* **TASK REQUIREMENTS**
The answer must consist solely of the lines below starting at the one containing "Герман Геринг вручает" and ending at the one containing "- Страхотни дамски", repeated exactly, with both ends included and all pictures omitted.

** AVAILABLE RECORDS follows **

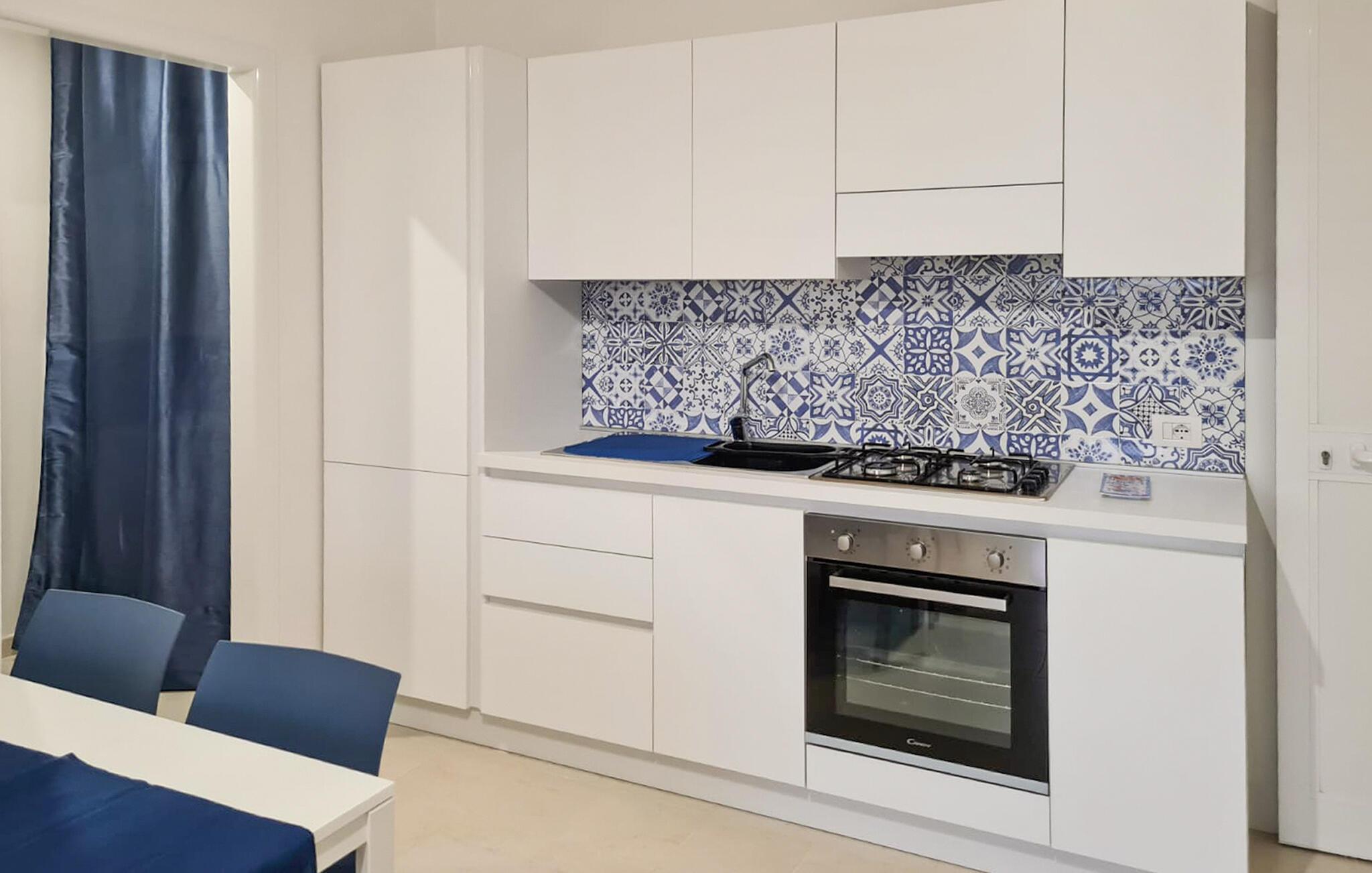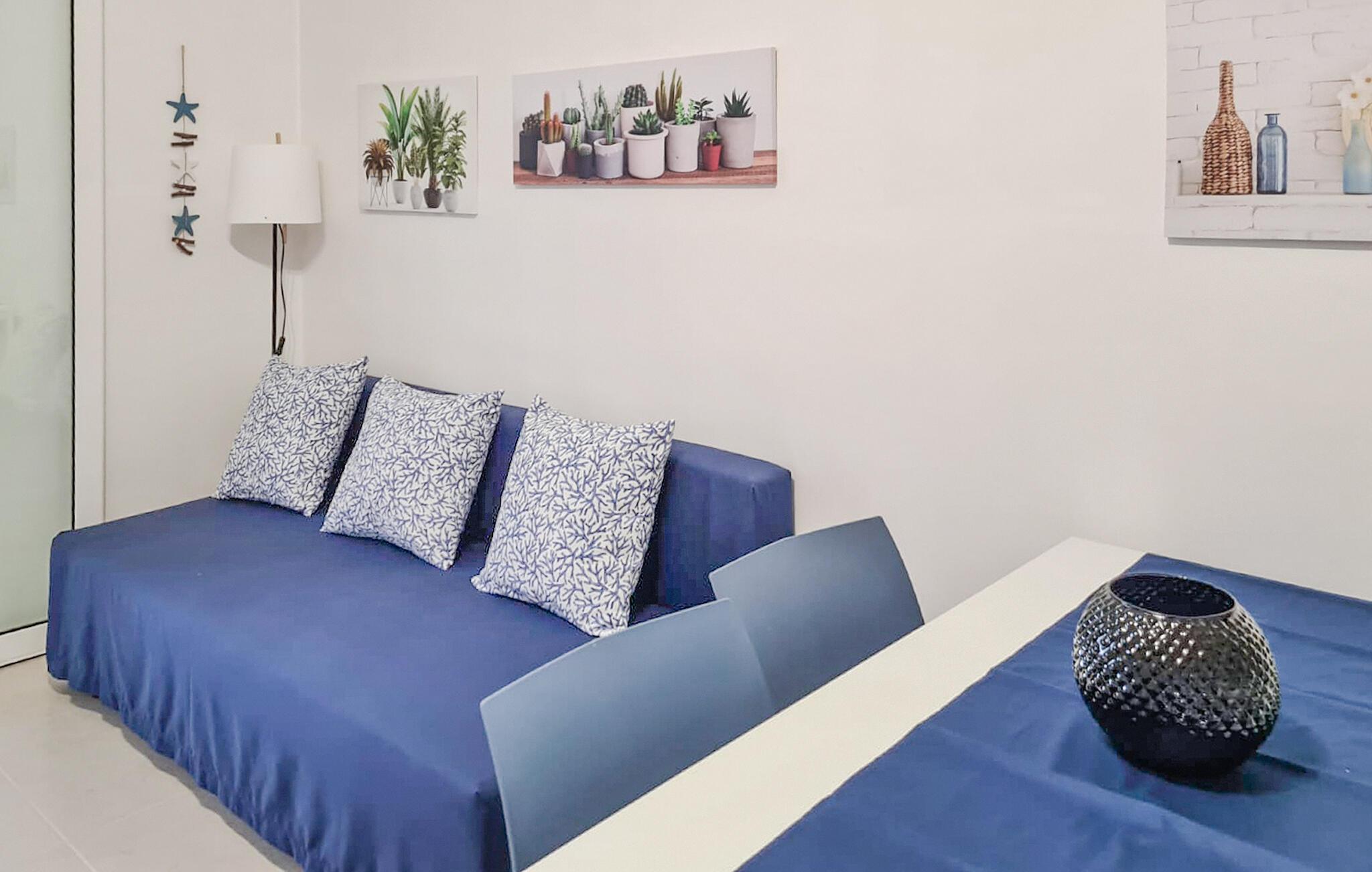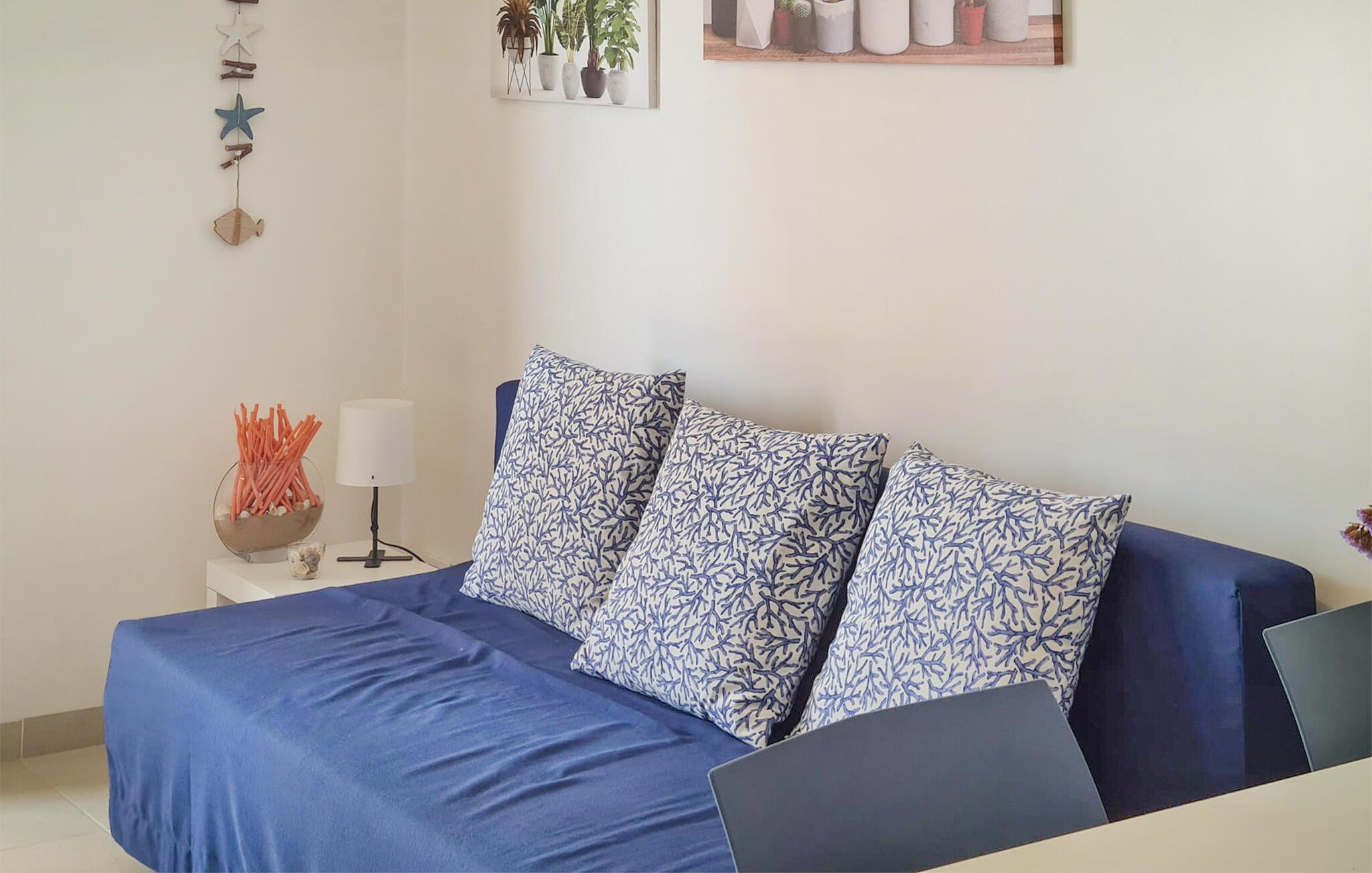 Denne smukke ferielejlighed har en harmonisk, maritim farveskala og en hyggelig atmosfære, der straks skaber feriestemning. Den lyse opholdsstue lægger op til omgængelige timer, mens det veludstyrede køkken giver jer mulighed for at tilberede friske regionale specialiteter. Nyd jeres måltider på balkonen med en fantastisk havudsigt, og lad middelhavsbrisen forkæle jer - det perfekte sted at slappe af efter en solrig dag på stranden.
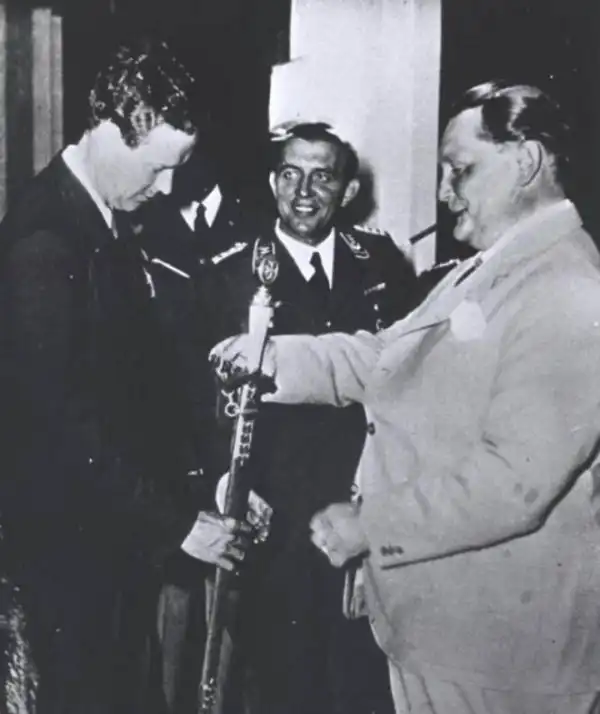 Герман Геринг вручает орден Германского Орла Чарльзу Линдбергу, Германия, октябрь 1938 года
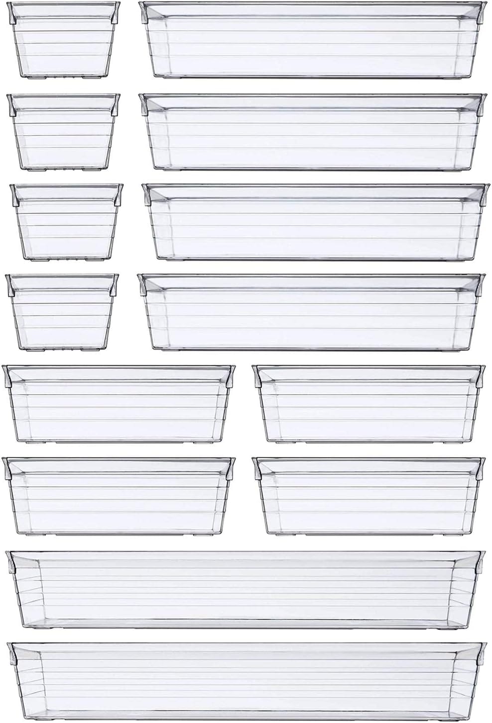 14 PCS Clear Plastic Drawer Makeup Closet Organizer Trays
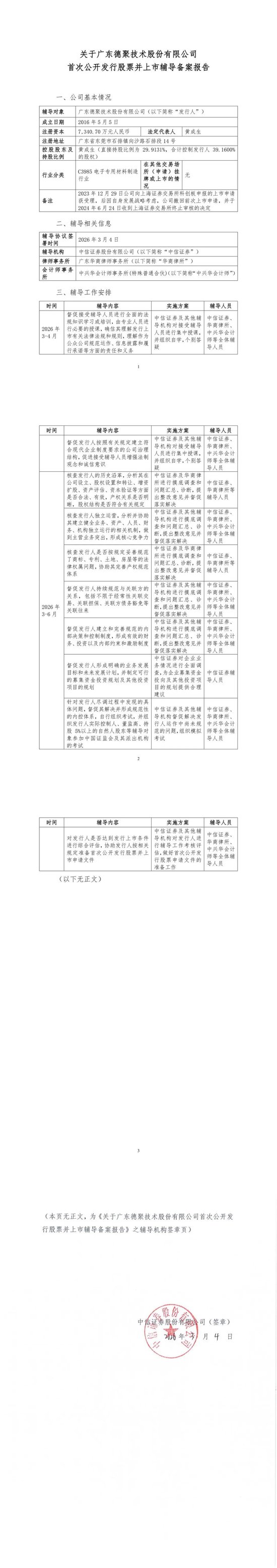 2026年3月11日,证监会官网显示,中信证券已提交《关于广东德聚技术股份有限公司首次公开发行股票并上市辅导备案报告》。辅导机构为中信证券股份有限公司,律师事务所为广东华商律师事务所,会计师事务所为中兴华会计师事务所(特殊普通合伙)。
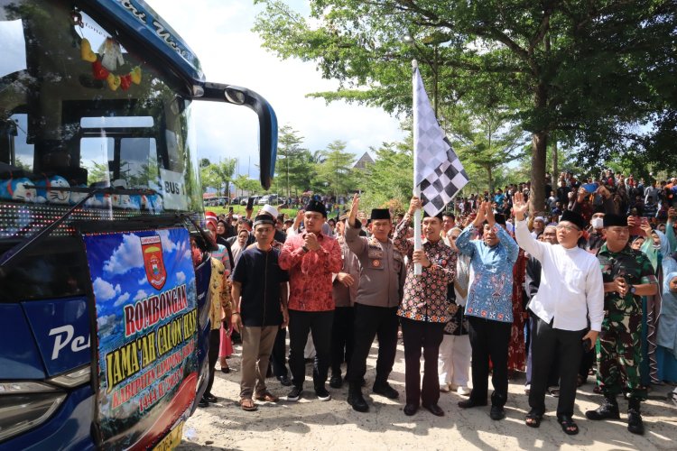 Kanalvisual.com - Lampung Barat - Polres Lampung Barat, Polda Lampung melaksanakan pengamanan pemberangkatan Jama'ah Calon Haji Kabupaten Lampung Barat Kloter ke dua tahun 2023 bertempat di Islamic Center Kawasan Sekuting Terpadu, Pekon Watas, Kecamatan Balik bukit, Kabupaten Lampung Barat, Jum'at (09/06/2023).
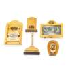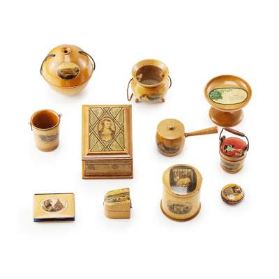 comprising a CAULDRON, 6.5cm diameter; a PIN CUSHION in the form of a bucket, 5cm high; a THIMBLE HOLDER, in the form of a cooking pot, 9.5cm across (including handle); a RING BOX, 4cm long; a SMALL BOX, in the form of a bucket, 5cm tall; a CYLINDRICAL BOX, 7cm tall; a 'PATTERNWARE RECTANGULAR BOX', 11.5cm long; a NEEDLE HOLDER, in the shape of a book, 6cm long; a PIN CUSHION, 3.5cm diameter; a COTTON THREAD HOLDER, 8cm in diameter; a PIN DISH, 8cm; a FOLDING LETTER RACK, 19.5cm high; a THERMOMETER, 17cm high; an INKWELL, in the form of a horseshoe and jockey's cap, 10.5cm long; a PICTURE FRAME, 16cm wide; a CARD HOLDER, 12.7cm high; a WATCH HOLDER, 11.5cm high; together with a STATIONERY RACK, with three shelves and a stamp drawer, 12cm high (qty)
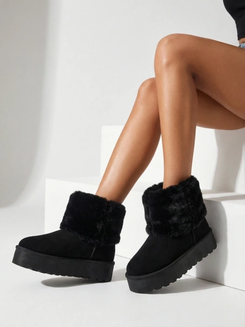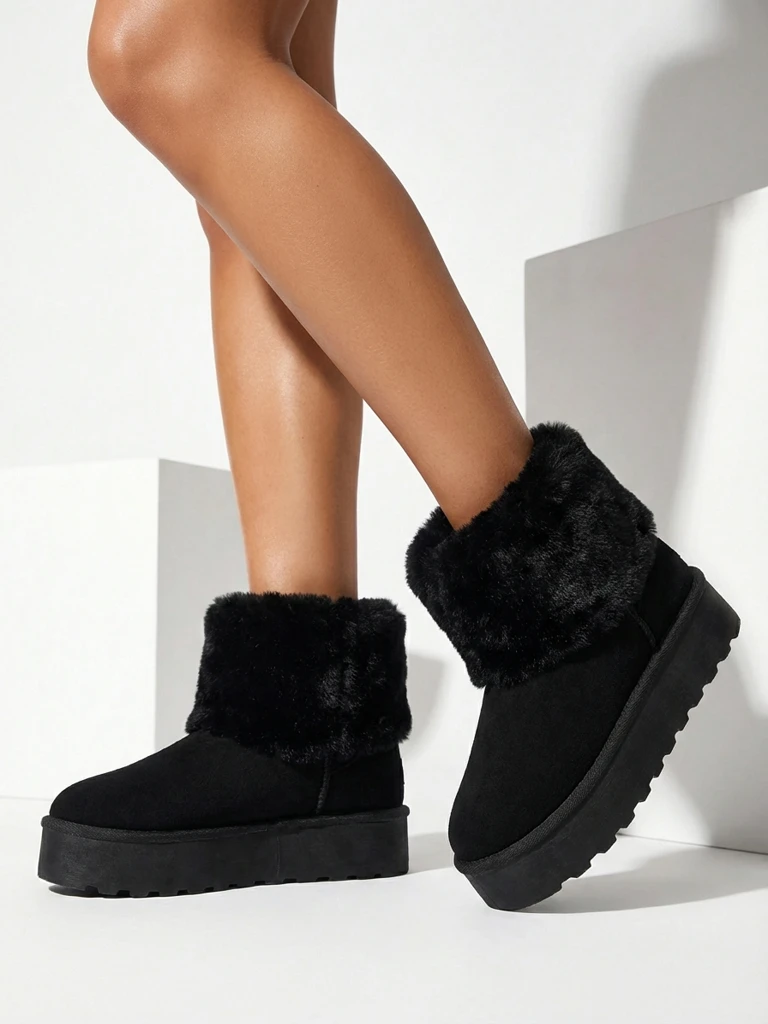 - Страхотни дамски зимни ботуши тип снегоходки на по-дебела платформа. Горната част е изработена от екологична велурена кожа, а вътрешността е изолирана с пухкава подплата. Идеална основа за зимата!
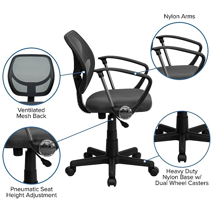 Long working hours are a breeze with this gray Flash Furniture Contemporary Task Chair that guarantees comfort and support. For extra softness and cushioning, this mid-back task chair has high-quality mesh upholstery. Its pneumatic seat height adjustment mechanism feature regulates the chair height and provides a balanced support to lower back. The chair is designed with breathable mesh back and 2-inch thick padded mesh seat for maximum comfort. For safety purpose, this functional chair uses CA117 fire retardant foam cushions.
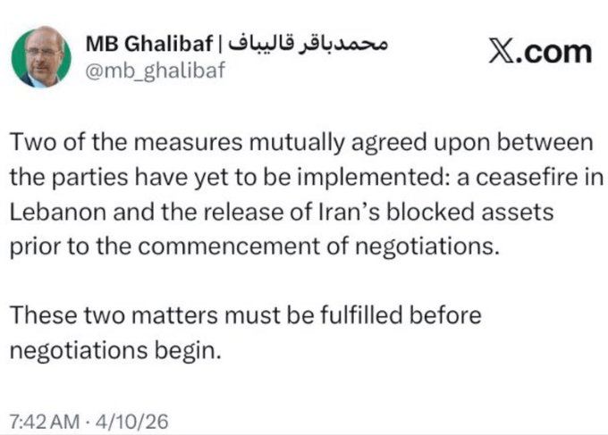 Events are moving with lightning speed in this evolving crisis. This morning Iran was not willing to negotiate unless all the 10 items that Trump accepted on Tuesday night were officially recognized by the US. This must just have happened because now the delegation is in Islamabad, Pakistan. Below are the links reporting where Iran refused to engage with the negotiator assassinating Americans. All links are from the X account of Suliaman Ahmed–my primary source throughout this crisis. I must acknowledge how great Suliaman’s reporting has been. The best war reporting I have ever followed!
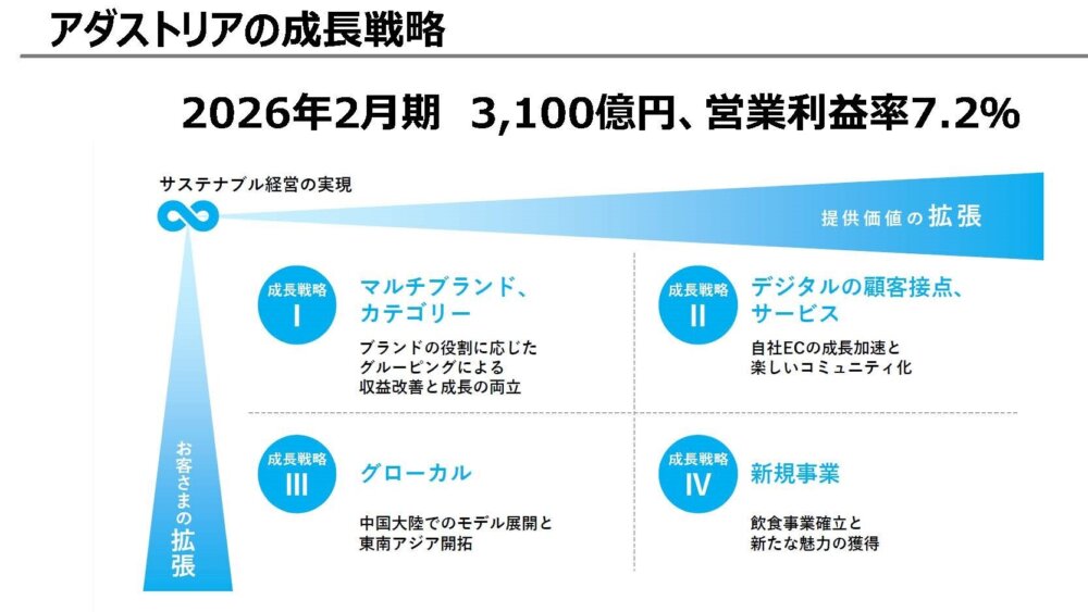 アダストリアは、約4年前に示した中期経営計画で4つの大きな柱を設定。1つ目は収益改善と成長を両立させる「マルチブランド、カテゴリー」、2つ目はECやデジタルを活用して顧客体験を向上させる「デジタルの顧客接点、サービス」、3つ目はグローバルとローカルを掛け合わせた造語でワクワクを海外に届ける「グローカル」、4つ目は飲食を代表とする新たな事業にチャレンジする「新規事業」である。そして、将来的には2026年2月期3100億円、営業利益率7.2%を目指している。

** End of AVAILABLE RECORDS **

* **SOLUTION BELOW**
 Герман Геринг вручает орден Германского Орла Чарльзу Линдбергу, Германия, октябрь 1938 года
 14 PCS Clear Plastic Drawer Makeup Closet Organizer Trays
 2026年3月11日,证监会官网显示,中信证券已提交《关于广东德聚技术股份有限公司首次公开发行股票并上市辅导备案报告》。辅导机构为中信证券股份有限公司,律师事务所为广东华商律师事务所,会计师事务所为中兴华会计师事务所(特殊普通合伙)。
 Kanalvisual.com - Lampung Barat - Polres Lampung Barat, Polda Lampung melaksanakan pengamanan pemberangkatan Jama'ah Calon Haji Kabupaten Lampung Barat Kloter ke dua tahun 2023 bertempat di Islamic Center Kawasan Sekuting Terpadu, Pekon Watas, Kecamatan Balik bukit, Kabupaten Lampung Barat, Jum'at (09/06/2023).
 comprising a CAULDRON, 6.5cm diameter; a PIN CUSHION in the form of a bucket, 5cm high; a THIMBLE HOLDER, in the form of a cooking pot, 9.5cm across (including handle); a RING BOX, 4cm long; a SMALL BOX, in the form of a bucket, 5cm tall; a CYLINDRICAL BOX, 7cm tall; a 'PATTERNWARE RECTANGULAR BOX', 11.5cm long; a NEEDLE HOLDER, in the shape of a book, 6cm long; a PIN CUSHION, 3.5cm diameter; a COTTON THREAD HOLDER, 8cm in diameter; a PIN DISH, 8cm; a FOLDING LETTER RACK, 19.5cm high; a THERMOMETER, 17cm high; an INKWELL, in the form of a horseshoe and jockey's cap, 10.5cm long; a PICTURE FRAME, 16cm wide; a CARD HOLDER, 12.7cm high; a WATCH HOLDER, 11.5cm high; together with a STATIONERY RACK, with three shelves and a stamp drawer, 12cm high (qty)
 - Страхотни дамски зимни ботуши тип снегоходки на по-дебела платформа. Горната част е изработена от екологична велурена кожа, а вътрешността е изолирана с пухкава подплата. Идеална основа за зимата!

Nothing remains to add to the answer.